# Is it dryenough yet?



## justallan (Mar 24, 2015)

I have a couple slabs that I've stashed away that I want to make something out of and am wondering if you all think they are dry enough yet.
They are flamed box elder burl about 2x18x36, or there about, and are at 14%.
Do you all think they are safe to surface and use?
If you need any more info, please ask.


----------



## Schroedc (Mar 24, 2015)

Are you turning them or using for flat work? Anything I've had at 14% after getting into a dry place wants to move and check. Unless it's always going to be in a place with the same humidity I'd probably want more dry before using except for turning, then I'd rough out and let dry the rest of the way. Are they stored outside? If so you might have some trouble getting them to dry down too much further.

Reactions: Thank You! 1


----------



## TimR (Mar 24, 2015)

Allan, without knowing what you want to do, harder to say. That kind of moisture content seems about right for turning a hollow form or vase, as long as you maintain even wall thicness into the base. I like them a little on the wetter side, to minimize tearout. the biggest issue is if you can't finish in one turning, keep it misted with waster and wrap in paper, but better if it gets done quickly, ie a day. Minimize excessive sanding that heats things up, wait to final sand a few weeks after done.

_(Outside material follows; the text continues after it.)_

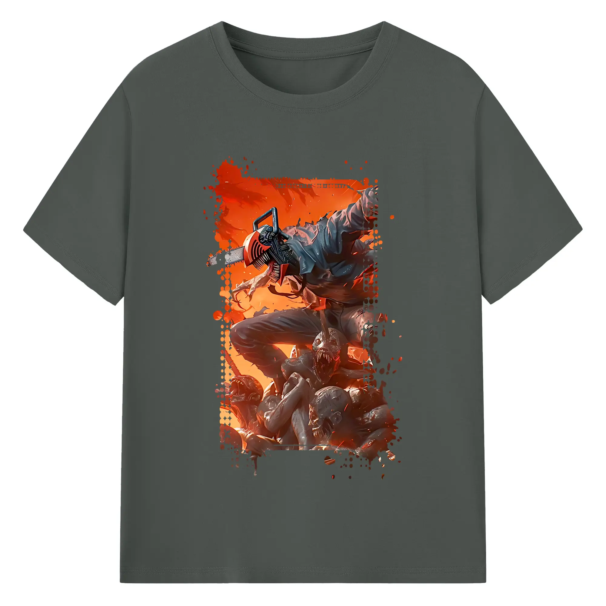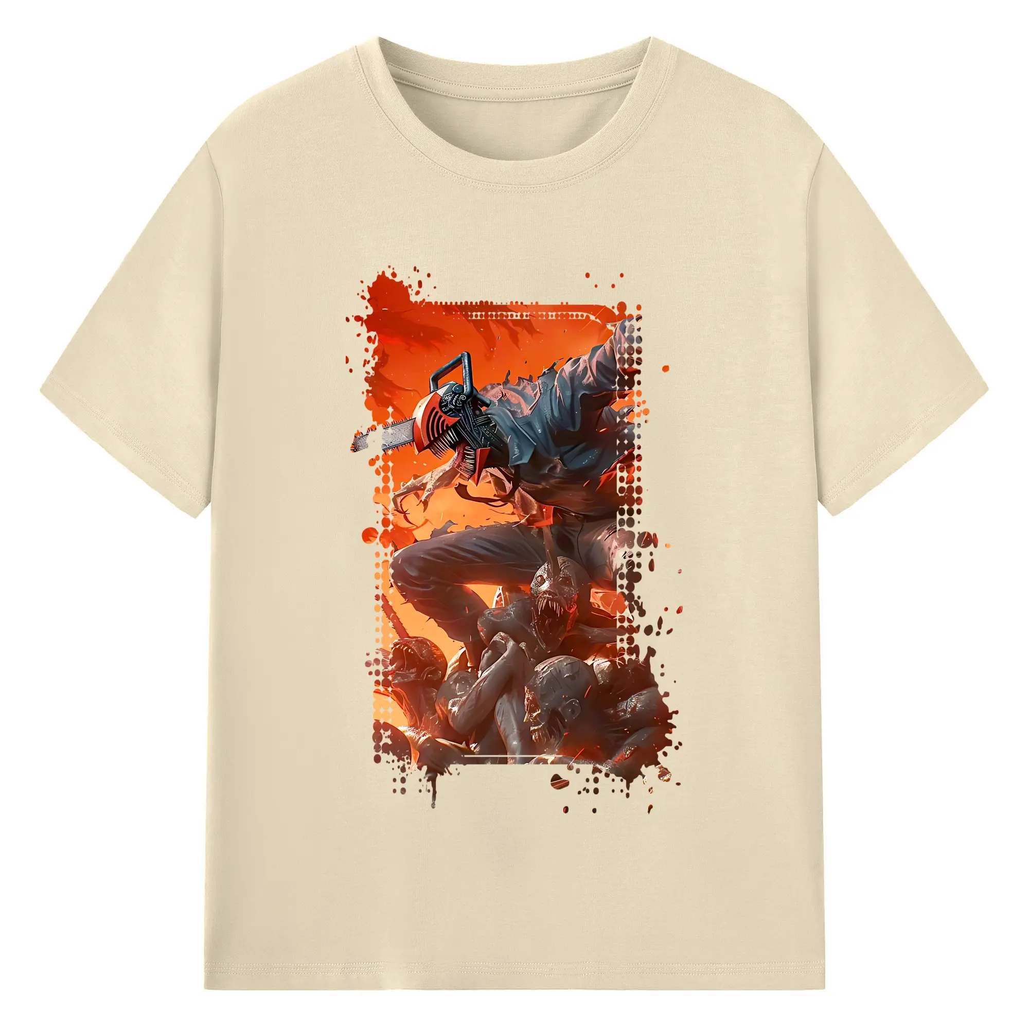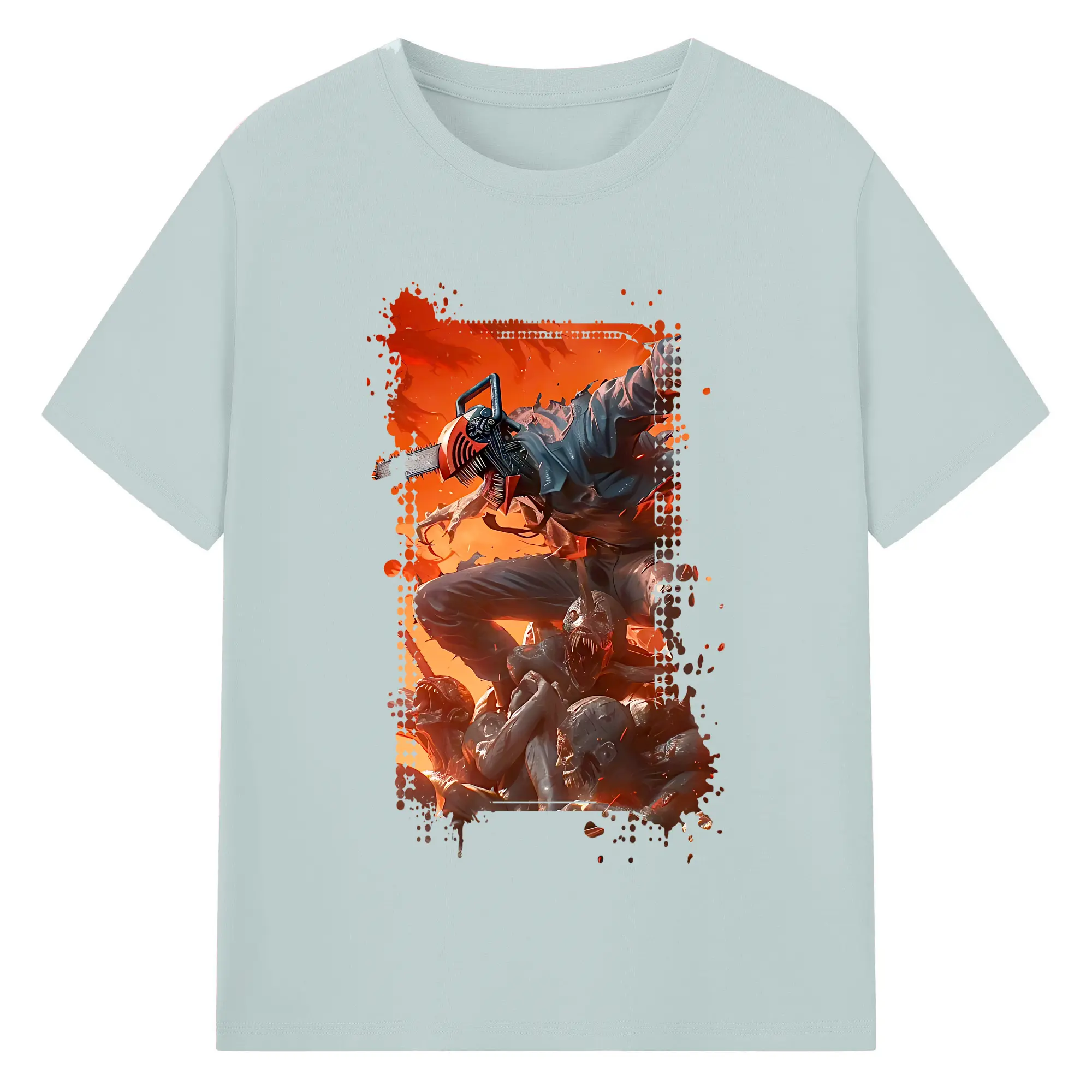 チェンソーマン グッズ,デンジ - 綿100% 半袖Tシャツ ・ バックプリント ・ 快適 通気性 ・ 日常使い 散歩 スポーツ用

That's my approach, YMMV.


----------



## justallan (Mar 24, 2015)

One is going to be a clock with the company name and brand.
I have them sticker stacked and sealed out in the barn in a dark room.
What would be a good MC to shoot for if I want to do flat work with them?
Thanks in advance.


----------



## Tclem (Mar 24, 2015)

I think you need to send them to me and I'll turn them and let you know

Reactions: Funny 1


----------



## Tony (Mar 24, 2015)

@Kevin would probably know better than anybody.

Reactions: Thank You! 1 | Agree 1


----------



## TimR (Mar 24, 2015)

Hmmm, I'd want drier than that for stable flatwork. You need at least a small kiln to boost things.

Reactions: Thank You! 1


----------



## justallan (Mar 24, 2015)

@Tclem Well Tony, I surely would you know, but with the sealer I just cant get the stamps to stick.

Reactions: Funny 8


----------



## JR Custom Calls (Mar 24, 2015)

justallan said:


> if you all think they are dry enough yet


I think they're dry enough to dry a little more...

Reactions: Funny 4


----------



## justallan (Mar 26, 2015)

What is a good MC to shoot for on slabs that I want to make a clock or table out of? I much rather let them sit awhile longer than strip the sealer off and have them crack all to heck. Any help is appreciated.


----------



## manbuckwal (Mar 26, 2015)

I would say 10% or less, less would be better . That being said, you may or may not be able to reach that air drying in your area without "drying" them in a kiln . Not sure how big your clock is going to be, but you could cut it to length and dry in an old oven or perhaps build you a small kiln . @Treecycle Hardwoods might have some ideas ?

Reactions: Thank You! 1


----------



## Treecycle Hardwoods (Mar 26, 2015)

justallan said:


> I have a couple slabs that I've stashed away that I want to make something out of and am wondering if you all think they are dry enough yet.
> They are flamed box elder burl about 2x18x36, or there about, and are at 14%.
> Do you all think they are safe to surface and use?
> If you need any more info, please ask.


Is it waxed and reading 14% I have found that AS will skew my moisture meter. If it is unwaxed and reading 14% I would say you should wait a little longer. In my neck of the woods EMC is 10-12% and that will be the best I could accomplish with just air drying alone unless we had several weeks of really dry weather come thru then it might dip below 10% for MC. If you know what your local EMC is that will give you a good idea when it is dry enough to work with.

Reactions: Thank You! 1


----------



## Kevin (Mar 26, 2015)

What's not being discussed is what will be the average RH will where it'll be placed in service. I don't know what your RH is right now, but if it's 75% then your MC of 14% is EMC and will not dry further unless you force it out (with a kiln). If you build it now with 14% MC and this winter the RH in the space where it goes into service goes down to a typical heated home RH of say 25 to 30% then the MC in the wood will drop to around 5% and the piece will likely crack pretty badly. 

I would try to get it down to 8 or 9% and then build with it. That gives it less movement either way once placed into service and a better chance to stay together.

Reactions: Thank You! 1


----------



## Final Strut (Mar 26, 2015)

Treecycle Hardwoods said:


> In my neck of the chicken lip pies



Your neck of the what?!?!?

Reactions: Funny 3


----------



## steve bellinger (Mar 27, 2015)

Allan with these being fairly small, I would bring them in the house, weigh them and check weight till they stopped loosing weight. I do this with my turned pieces all the time and I know a lot of folks do the same thing. Also if you have a microwave big enough to hold these, don't be afraid to use it. If using a MW "DON'T" try drying them to fast. I also do this in conjunction with the weight thing.

Reactions: Thank You! 1


----------